- Supreme Court of the United States

Argued October 11, 2016 Decided March 6, 2017
- Full case name: Miguel Angel Peña-Rodriguez, Petitioner v. State of Colorado
- Docket no.: 15-606
- Citations: 580 U.S. 206 (more) 137 S. Ct. 855; 197 L. Ed. 2d 107
- Opinion announcement: Opinion announcement

Case history
- Prior: Pena-Rodriguez v. People, 2015 CO 31, 350 P.3d 287; cert. granted, 136 S. Ct. 1513 (2016).

Holding
- The Sixth Amendment requires an exception to the no-impeachment rule when a juror makes a clear statement indicating reliance on racial stereotypes or animus to convict a criminal defendant.

Court membership
- Chief Justice John Roberts Associate Justices Anthony Kennedy · Clarence Thomas Ruth Bader Ginsburg · Stephen Breyer Samuel Alito · Sonia Sotomayor Elena Kagan

Case opinions
- Majority: Kennedy, joined by Ginsburg, Breyer, Sotomayor, Kagan
- Dissent: Thomas
- Dissent: Alito, joined by Roberts, Thomas

Laws applied
- U.S. Const. Amend. VI

= Peña-Rodriguez v. Colorado =

Peña-Rodriguez v. Colorado, 580 U.S. 206 (2017), was a United States Supreme Court decision holding that the Sixth Amendment requires a racial bias exception to the no-impeachment rule. According to two jurors, a third juror made a number of biased statements about the defendant's Mexican ethnicity, stating, "I think he did it because he’s Mexican and Mexican men take whatever they want." In a 5–3 vote, the Court held that, notwithstanding a state evidentiary rule, the trial court must be permitted to consider the two jurors' testimony.

==Background==
The case involved Miguel Angel Peña-Rodriguez, a Colorado man accused of sexually assaulting two teenage girls in a restroom.
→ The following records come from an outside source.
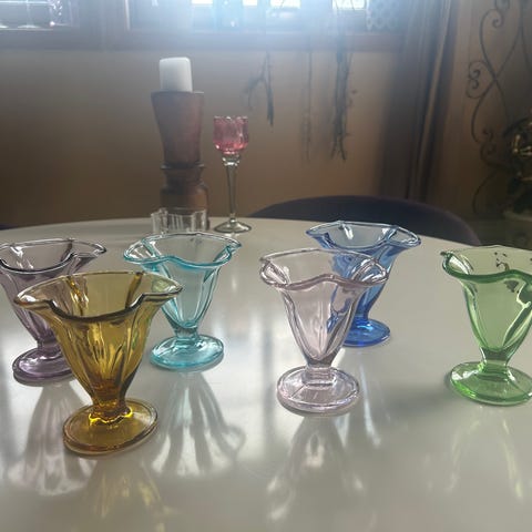 Kolleksjon av vakre skåler, lysestaker og fat i glass.
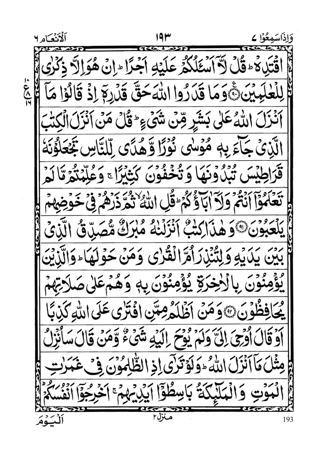 - Wa maa qadarul laaha haqqa qadriheee iz qaaloo maaa anzalal laahu ‘alaa basharim min shai’; qul man anzalal Kitaabal lazee jaaa’a bihee Moosaa nooranw wa hudal linnaasi taj’aloonahoo qaraateesa tubdoonahaa wa tukhfoona kaseeranw wa ‘ullimtum maa lam ta’lamooo antum wa laaa aabaaa’ukum qulil laahu summa zarhum fee khawdihim yal’aboon
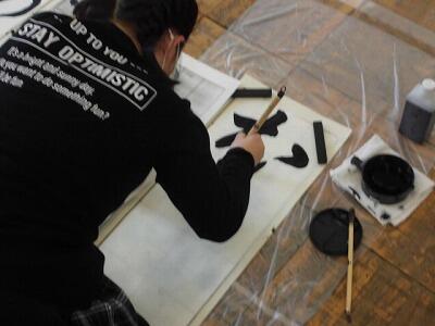 【さくら学級】画仙紙に書くことに慣れていませんが、一生懸命練習をしています。

During jury deliberations, Juror H.C. allegedly made a number of racially biased comments, stating, "Mexican men had a bravado that caused them to believe they could do whatever they wanted with women," and "nine times out of ten Mexican men were guilty of being aggressive toward women and young girls." Juror H.C. also stated that the defendant's alibi witness was not credible because the witness was "an illegal." The jury found Peña-Rodriguez guilty of unlawful sexual contact and harassment, but after the jury was discharged, two jurors, M.M. and L.T., remained to speak with defense counsel in private. Both signed affidavits describing H.C.'s remarks.

On October 11, 2016, oral arguments were heard, where Professor Jeffrey L. Fisher appeared for the accused, the Colorado Solicitor General appeared for that state, and an assistant to the U.S. Solicitor General appeared as amicus curiae in support of the state.

==Opinion of the Court==
On March 6, 2017, the Supreme Court delivered judgment in favor of the accused, voting 5–3 to reverse and remand to the state court. Justice Anthony Kennedy authored the majority opinion.